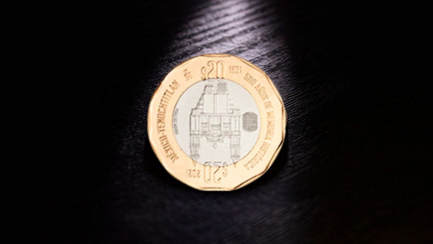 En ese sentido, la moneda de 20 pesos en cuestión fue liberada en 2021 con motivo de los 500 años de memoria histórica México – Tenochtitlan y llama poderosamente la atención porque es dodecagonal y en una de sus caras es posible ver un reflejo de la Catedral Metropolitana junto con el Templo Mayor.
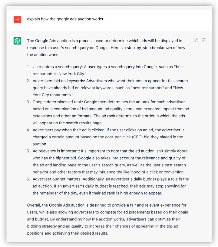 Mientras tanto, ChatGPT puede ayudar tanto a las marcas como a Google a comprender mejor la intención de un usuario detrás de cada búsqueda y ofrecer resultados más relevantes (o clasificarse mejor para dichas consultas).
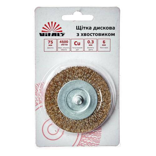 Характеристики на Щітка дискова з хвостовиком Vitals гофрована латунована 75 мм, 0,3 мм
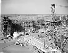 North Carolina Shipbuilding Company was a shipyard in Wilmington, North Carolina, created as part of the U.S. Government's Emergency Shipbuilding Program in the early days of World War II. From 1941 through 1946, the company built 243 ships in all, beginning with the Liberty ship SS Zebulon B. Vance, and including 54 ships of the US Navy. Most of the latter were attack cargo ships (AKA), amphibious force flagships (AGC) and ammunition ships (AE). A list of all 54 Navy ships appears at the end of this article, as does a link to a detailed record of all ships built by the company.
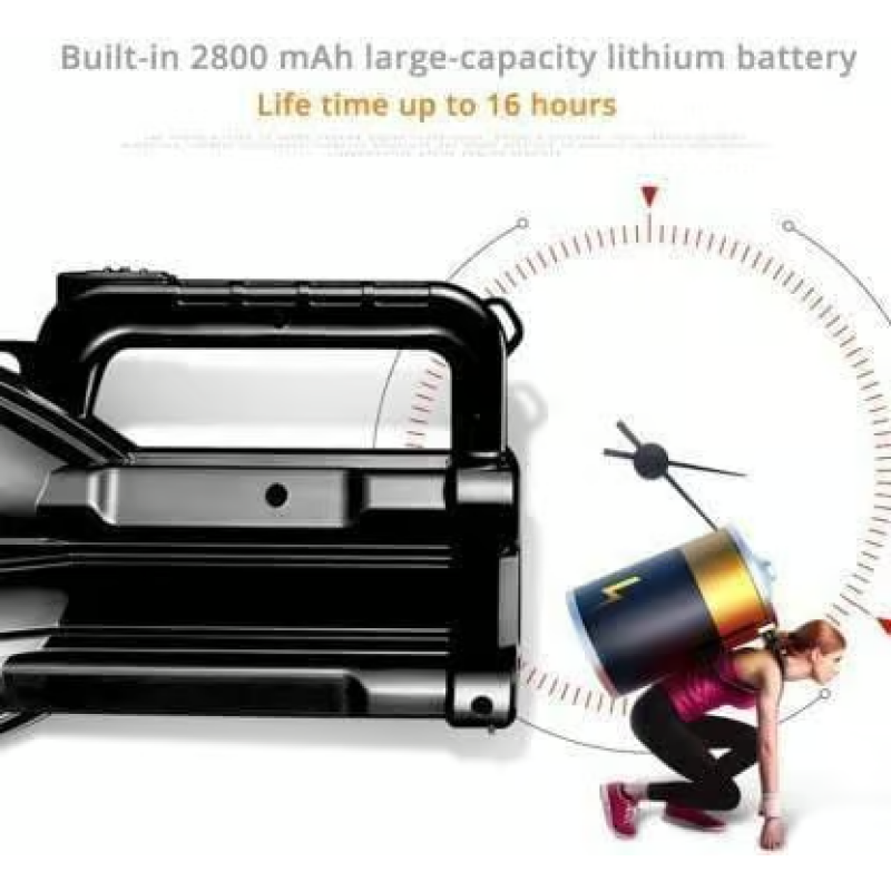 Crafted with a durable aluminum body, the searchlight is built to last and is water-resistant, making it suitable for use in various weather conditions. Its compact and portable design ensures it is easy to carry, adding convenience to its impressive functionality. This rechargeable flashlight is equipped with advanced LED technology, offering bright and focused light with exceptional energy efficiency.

— Goal of the exercise —
Return only the lines from the one containing "Характеристики на Щітка" through the last line of the entries above, exactly as written and without pictures.

— Response to the exercise —
 Характеристики на Щітка дискова з хвостовиком Vitals гофрована латунована 75 мм, 0,3 мм
 North Carolina Shipbuilding Company was a shipyard in Wilmington, North Carolina, created as part of the U.S. Government's Emergency Shipbuilding Program in the early days of World War II. From 1941 through 1946, the company built 243 ships in all, beginning with the Liberty ship SS Zebulon B. Vance, and including 54 ships of the US Navy. Most of the latter were attack cargo ships (AKA), amphibious force flagships (AGC) and ammunition ships (AE). A list of all 54 Navy ships appears at the end of this article, as does a link to a detailed record of all ships built by the company.
 Crafted with a durable aluminum body, the searchlight is built to last and is water-resistant, making it suitable for use in various weather conditions. Its compact and portable design ensures it is easy to carry, adding convenience to its impressive functionality. This rechargeable flashlight is equipped with advanced LED technology, offering bright and focused light with exceptional energy efficiency.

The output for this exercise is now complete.